Segment Start: Working data

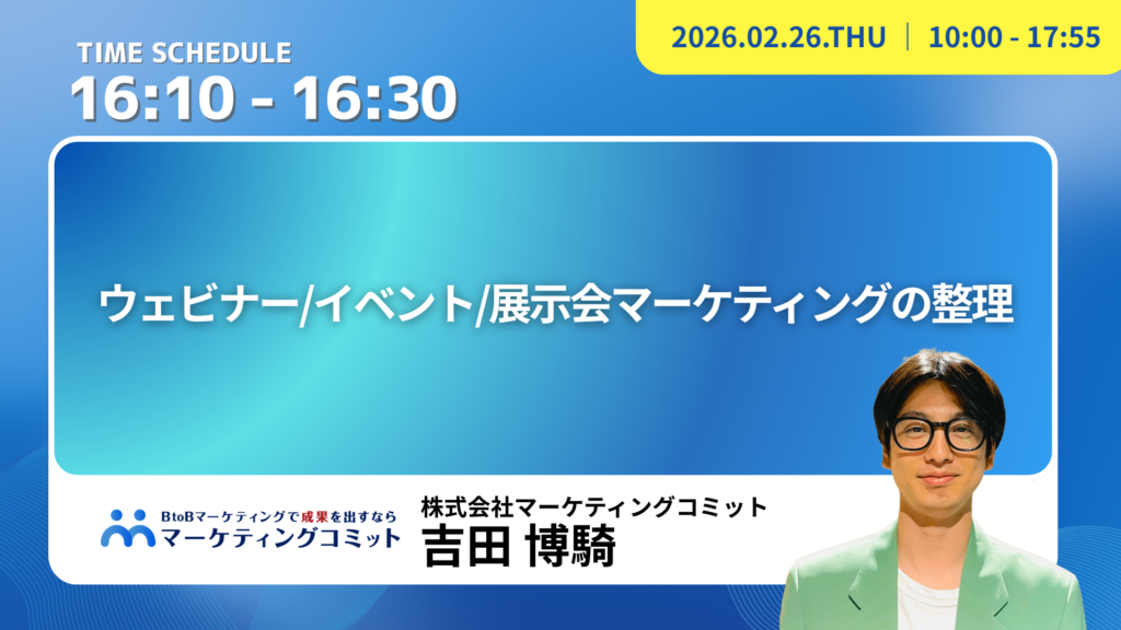 | 16:10-16:30 | ウェビナー/イベント/展示会マーケティングの整理 | 株式会社マーケティングコミット 吉田 博騎 |
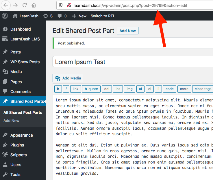 Published “Shared Post Part” with ID pointed out
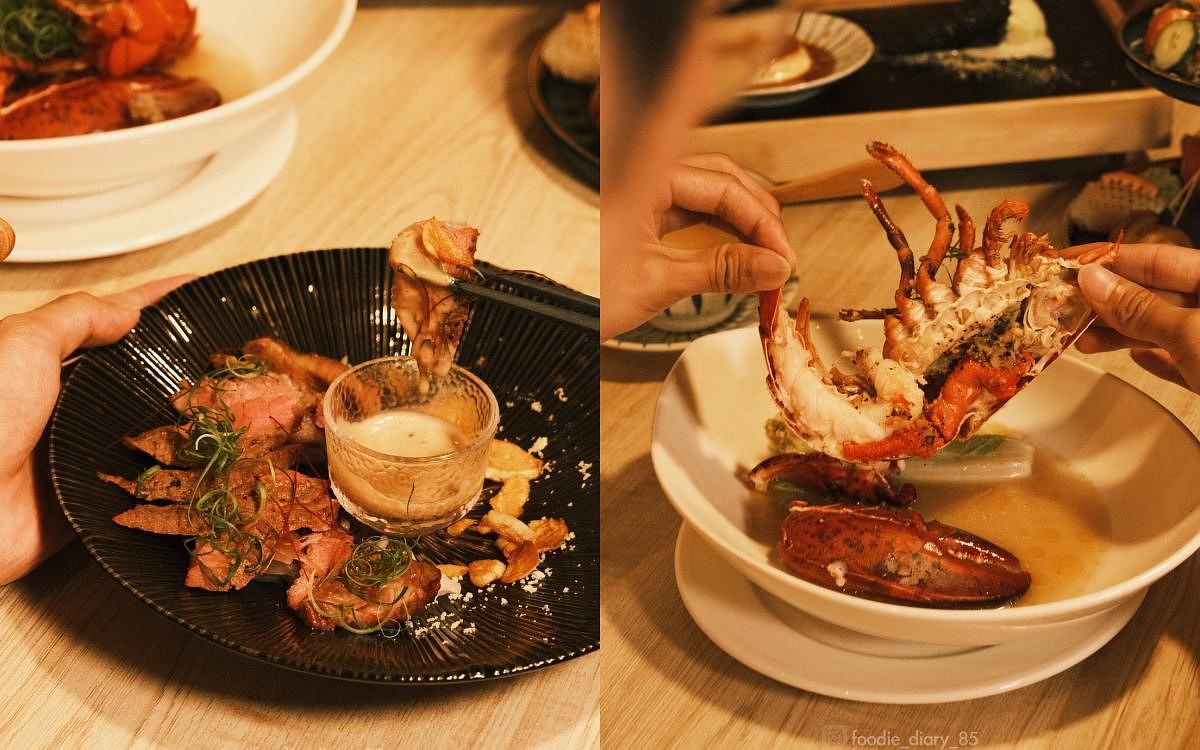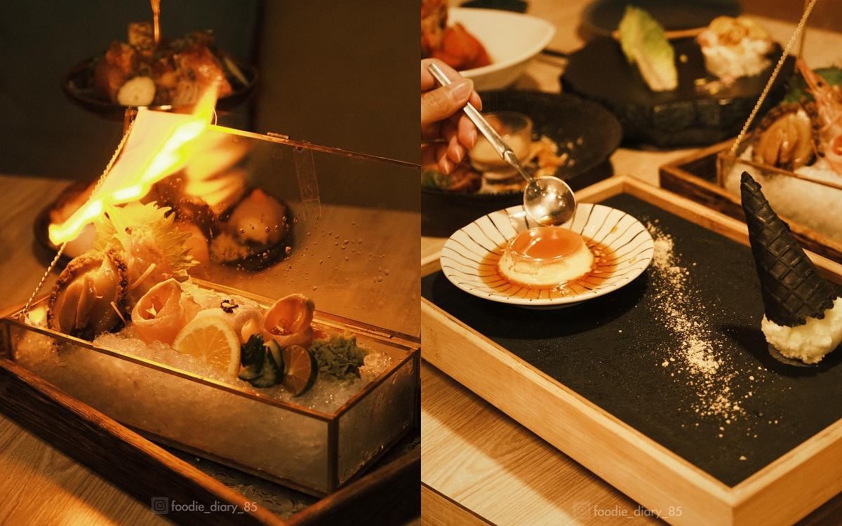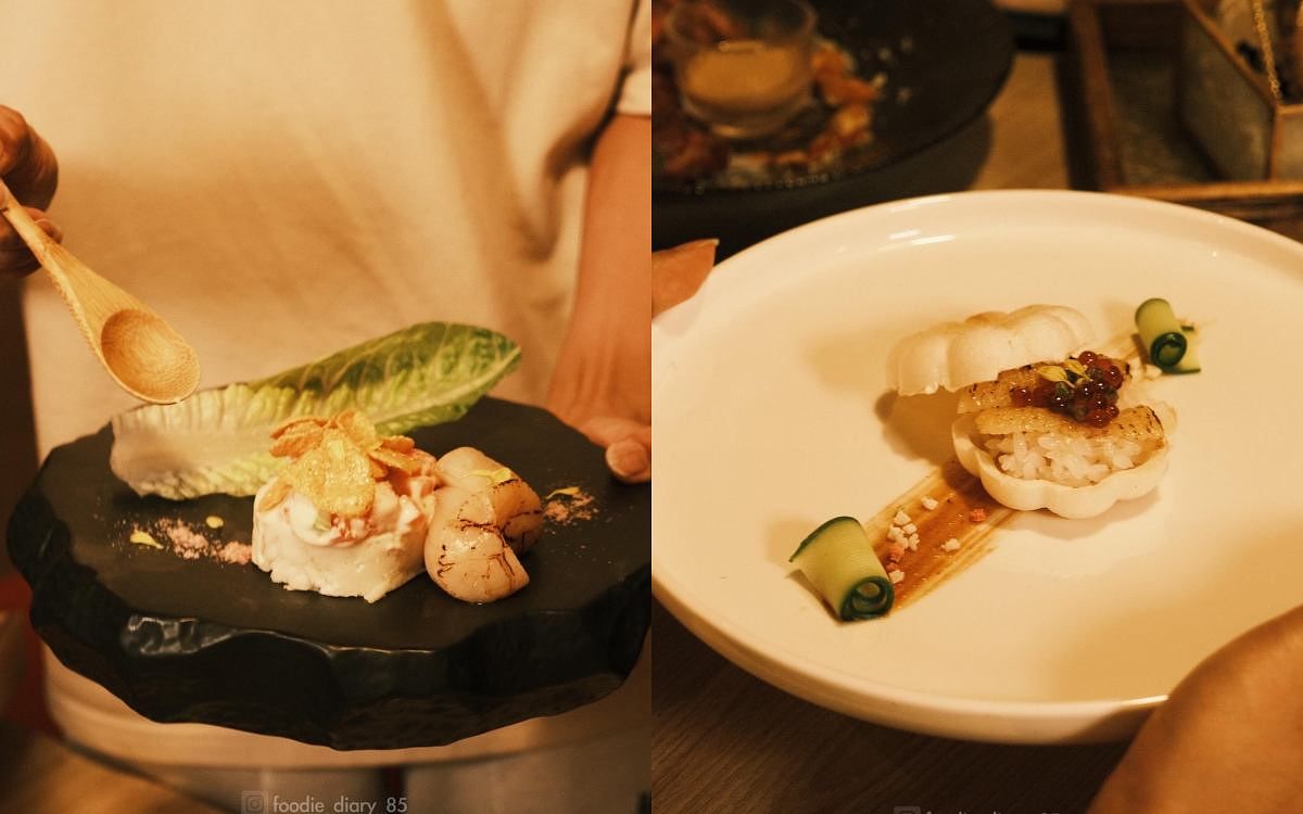 圖片來源:魚吞壽司 Sakana KA套餐(定價$1,680元)的烹調更加不同凡響,「盛合刺身」藏著店家細膩的巧思,請客人使用仙女棒與魔術用紙,揭開生魚片珠寶盒的頭簾,映入眼簾的即是各種高級食材相襯的海鮮料理,主廚蘇思源表示,這道刺身料理能增加與客人的互動,讓顧客們感受來自魚吞的溫情。若是偏好最高等級的日式料理饗宴,NA套餐(定價$2,380元)則是食客的不二選擇,自前菜起,便能感受奢華的品味。以鹹奶油蟹肉可頌為整個套餐譜出第一樂章,松葉蟹肉搭配鹹奶油,與龍蝦沙拉、法式可頌味覺相輔相成。
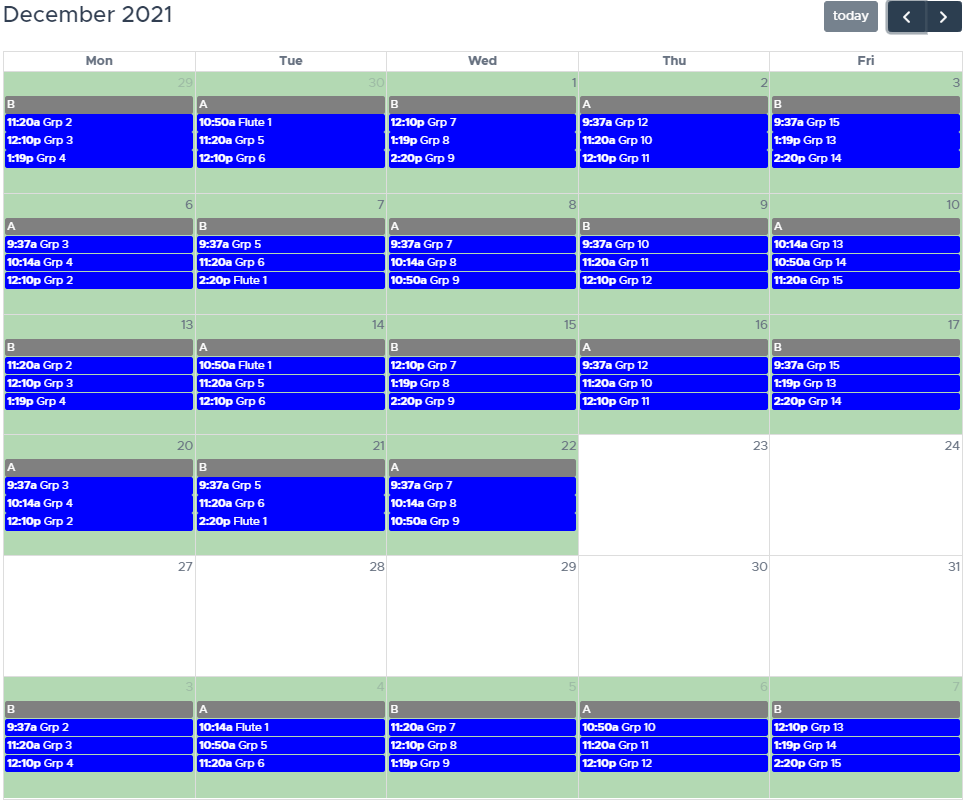This page allows you to deselect the days that you will not be teaching. Days that are Green will have lessons scheduled. Days that are White will not have lessons scheduled. To change the color of a day, simply Click it!
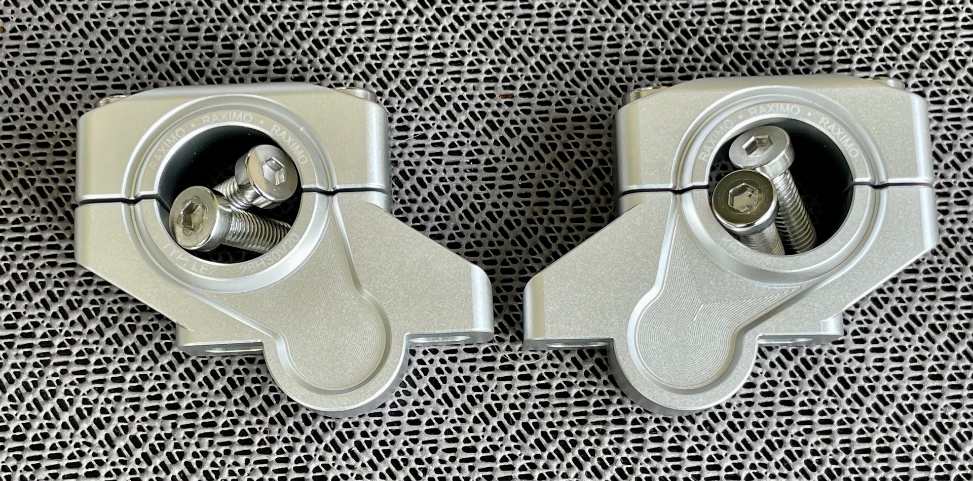 Ich biete eine silberne Lenkererhöhung mit Versatz von Raximo. 30mm höher, 20mm näher am Fahrer.
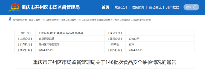 重庆市开州区市场监督管理局关于146批次食品安全抽检情况的通告
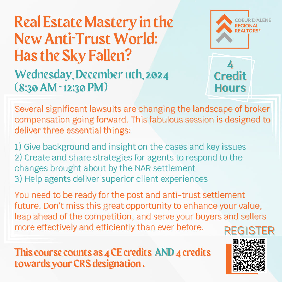 Have you heard of Christopher Moehrl? If you haven't, where have you been? Several significant lawsuits are changing the landscape of Broker compensation going forward. This fabulous session is designed to deliver three essential things: 1) Give background and insight on the cases and key issues, and 2) create and share strategies for agents to respond to the changes brought about by the NAR settlement, and 3) help agents deliver superior client experiences. You need to be ready for the post and anti-trust settlement future. Don't miss this great opportunity to enhance your value, leap ahead of the competition, and serve your Buyers and Sellers more effectively and efficiently than ever before.
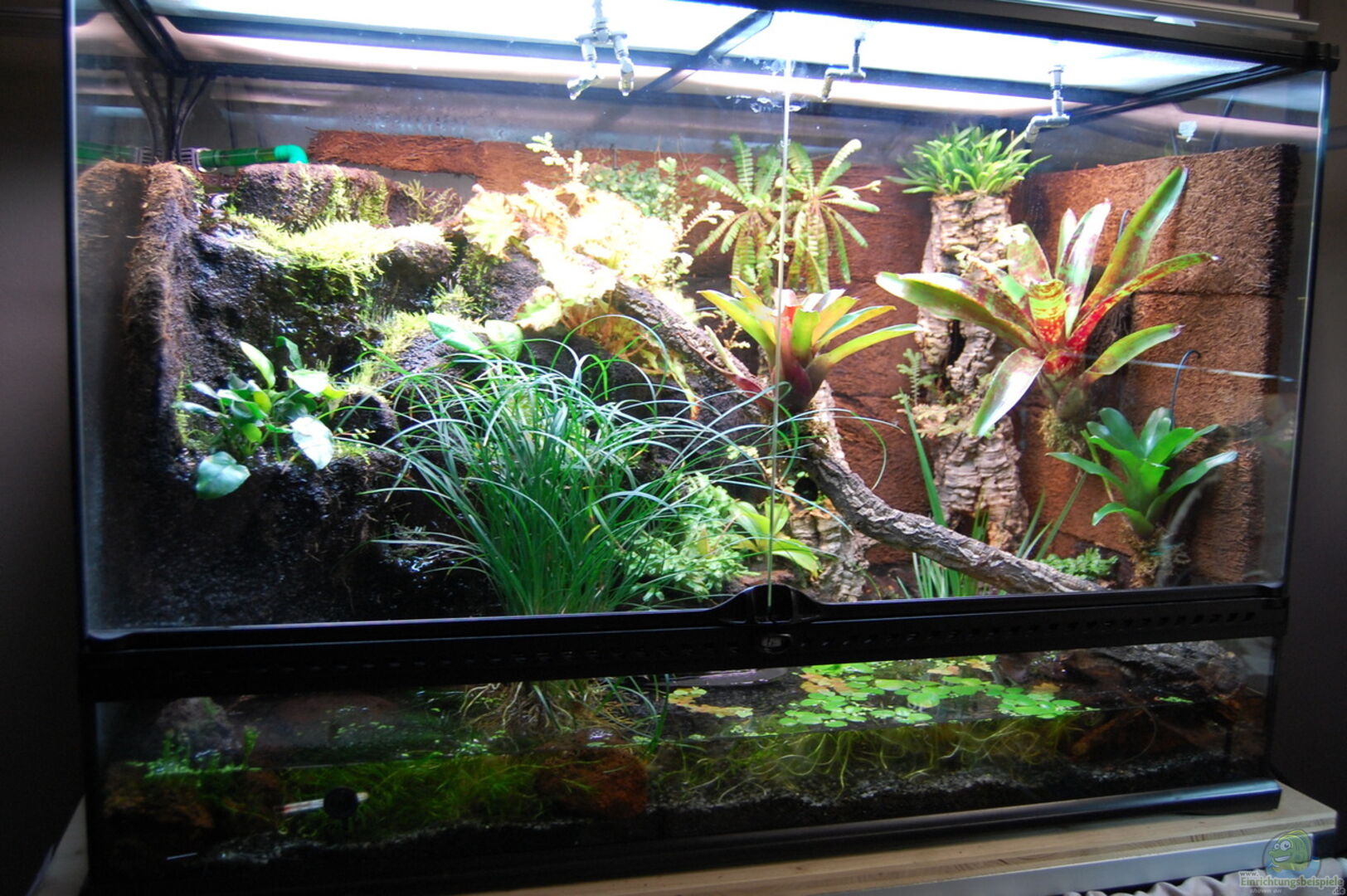 Rückwand besteht aus 1-2 cm dicken Xaxim-Platten (Neuseelandfarn), die mit Aquariensilikon festgeklebt wurden. Als weitere Deko-Elemente verwende ich hohle Korkeichenrinde, welche bepflanzt sind, Lava-Gestein und Weisstorfplatten. Die folgenden Bilder zeigen die Veränderung des Terrariums im Laufe der Zeit mit Datumsangabe.

Segment End: Working data

◆ Description of the task ◆
Once the line containing "Have you heard" has been located, transcribe exactly and only every line from the first line of the entries through it, excluding pictures.

◆ Result of this exercise ◆
 | 16:10-16:30 | ウェビナー/イベント/展示会マーケティングの整理 | 株式会社マーケティングコミット 吉田 博騎 |
 Published “Shared Post Part” with ID pointed out
 圖片來源:魚吞壽司 Sakana KA套餐(定價$1,680元)的烹調更加不同凡響,「盛合刺身」藏著店家細膩的巧思,請客人使用仙女棒與魔術用紙,揭開生魚片珠寶盒的頭簾,映入眼簾的即是各種高級食材相襯的海鮮料理,主廚蘇思源表示,這道刺身料理能增加與客人的互動,讓顧客們感受來自魚吞的溫情。若是偏好最高等級的日式料理饗宴,NA套餐(定價$2,380元)則是食客的不二選擇,自前菜起,便能感受奢華的品味。以鹹奶油蟹肉可頌為整個套餐譜出第一樂章,松葉蟹肉搭配鹹奶油,與龍蝦沙拉、法式可頌味覺相輔相成。
This page allows you to deselect the days that you will not be teaching. Days that are Green will have lessons scheduled. Days that are White will not have lessons scheduled. To change the color of a day, simply Click it!
 Ich biete eine silberne Lenkererhöhung mit Versatz von Raximo. 30mm höher, 20mm näher am Fahrer.
 重庆市开州区市场监督管理局关于146批次食品安全抽检情况的通告
 Have you heard of Christopher Moehrl? If you haven't, where have you been? Several significant lawsuits are changing the landscape of Broker compensation going forward. This fabulous session is designed to deliver three essential things: 1) Give background and insight on the cases and key issues, and 2) create and share strategies for agents to respond to the changes brought about by the NAR settlement, and 3) help agents deliver superior client experiences. You need to be ready for the post and anti-trust settlement future. Don't miss this great opportunity to enhance your value, leap ahead of the competition, and serve your Buyers and Sellers more effectively and efficiently than ever before.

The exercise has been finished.